Hab natürlich den Client neu installiert und upgedatet ect...

Grüße vom
Vince


----------



## Baker79 (4. Februar 2009)

möcht hier auch mal nochwas anmerken:

also BLASCrafter und Profiler sind beide installiert und richtig eingestellt. Mittels F9 öffne ich ingame den Crafter, aber der zeigt mir nichts an. Ausserdem war, zum Zeitpunkt der Installation besagter BLASCrafter noch auf Interfaceversion 20300 ( = Spielversion 2.0.3). Mittlerweile gibts aber 30000 (3.0.8). Wenn man sich die Downloadsite des BLASC2-Clienten anschaut, stößt man dort auch auf ein Datum: "18.03.2008", soweit die letzte Aktualisierung von BLASC. Wie schauts denn mit BLASC3 aus?


----------



## ZAM (5. Februar 2009)

Baker79 schrieb:


> möcht hier auch mal nochwas anmerken:
> 
> also BLASCrafter und Profiler sind beide installiert und richtig eingestellt. Mittels F9 öffne ich ingame den Crafter, aber der zeigt mir nichts an. Ausserdem war, zum Zeitpunkt der Installation besagter BLASCrafter noch auf Interfaceversion 20300 ( = Spielversion 2.0.3). Mittlerweile gibts aber 30000 (3.0.8). Wenn man sich die Downloadsite des BLASC2-Clienten anschaut, stößt man dort auch auf ein Datum: "18.03.2008", soweit die letzte Aktualisierung von BLASC. Wie schauts denn mit BLASC3 aus?
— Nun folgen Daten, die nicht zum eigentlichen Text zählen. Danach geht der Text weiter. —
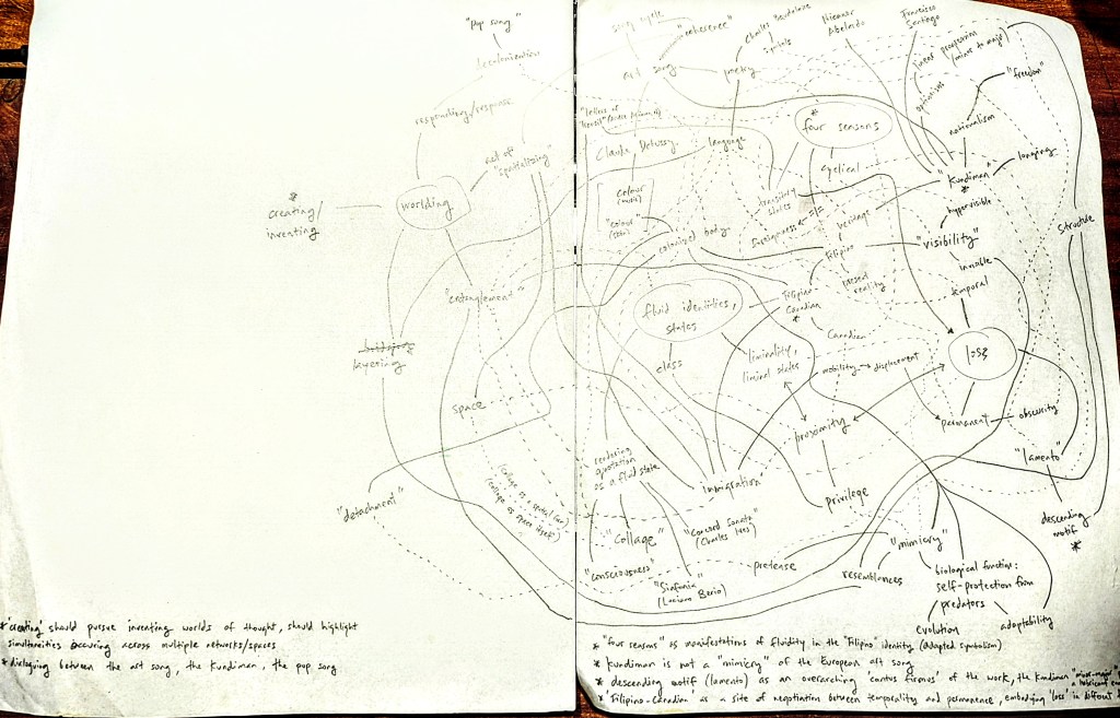Vocal melodies generally sound very tonal, as if the singer simply sings cutouts of pre-existing songs. Contrastingly, the piano soundscapes bring out unapologetic dissonances, quirky angular turns, and shifting tectonic plates. The piano behaves like a soloist that the singer has to sing alongside with. These polarities provide me with the freedom of building musical collages with the piano, creating a new spatiality with the juxtaposition of my sonic impulses, kundiman melodies, and even pop-sounding tunes. The collage-making casts a non-diegetic element over the singer’s world as the singer remains unaffected with these outrageous outbursts of musical activity — akin to actors on a film’s interior world being oblivious and detached to the music score that accompanies their narrative’s unfolding.

Zu BLASCrafter 2 - Nur wenige Threads unter deinem und auch bei minimalen Ansicht sogar noch sichtbar:
http://www.buffed.de/forum/index.php?showtopic=56895

Zu BLASC3 - Maybe - aber selbst wenn, verraten wir das nicht vorher. :-)
18.03 ist das Aktualisierungsdatum des Installers - der muss nicht zwingend ständig erneuert werden, er zieht die benötigten Dateien ja direkt von unserem Server in der jeweils aktuellen Version.Die Aktualisierungsdaten stehen in der Scrollbox auf der Download-Seite.


----------